Respiratory acidosis is a condition that raises the serum partial pressure of carbon dioxide (pCO2 > 45) and lowers the serum pH (< 7.35). Presentation varies based on the acuity of onset as well as on the underlying cause.
Typical symptoms associated with a rapid increase in pCO2 include anxiety, dyspnea, confusion, hallucination, and psychosis; this can progress to coma.
A more gradual increase, as is seen with chronic respiratory acidosis, may cause memory impairment, sleep disturbances, personality changes, daytime somnolence, coordination impairment, tremors, myoclonic jerks, or asterixis.

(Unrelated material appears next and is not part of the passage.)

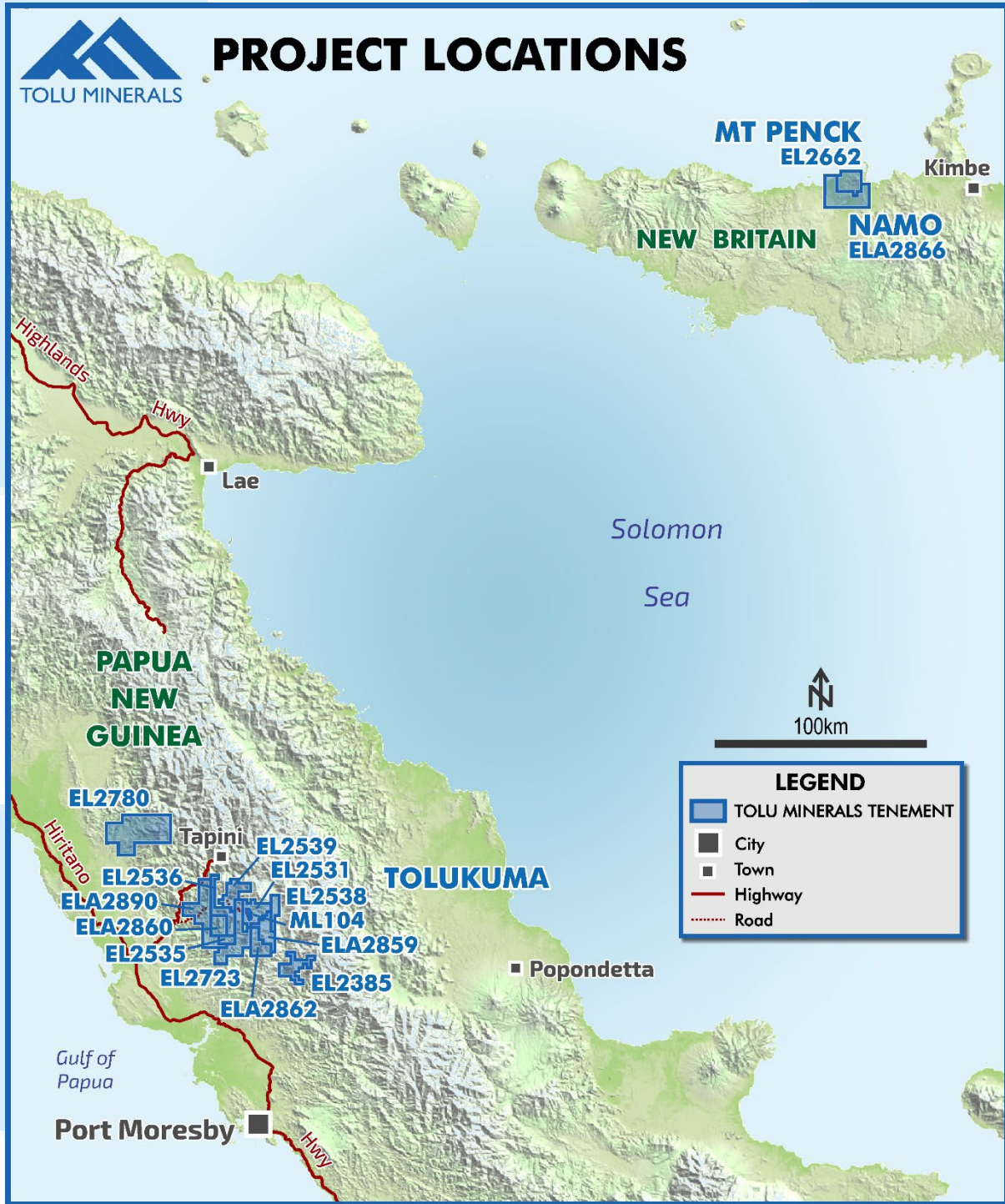
Figure 1: Tolu Project Locations

Increased carbon dioxide production (eg, fever, thyrotoxicosis, sepsis, steroids, overfeeding, exercise) – Unless a patient has limited pulmonary reserve, this will rarely result in clinically important hypercapnia.
Respiratory acidosis can occur as an acute or a chronic process. Depending on the acuity of the condition, the body will compensate in different ways.
Acute respiratory acidosis – Acute hypercapnia typically follows sudden obstruction of the airway or generalized bronchospasm. The acute compensatory response for respiratory acidosis is an increase in the serum bicarbonate concentration by 1 mEq/L for every 10 mm Hg elevation in pCO2.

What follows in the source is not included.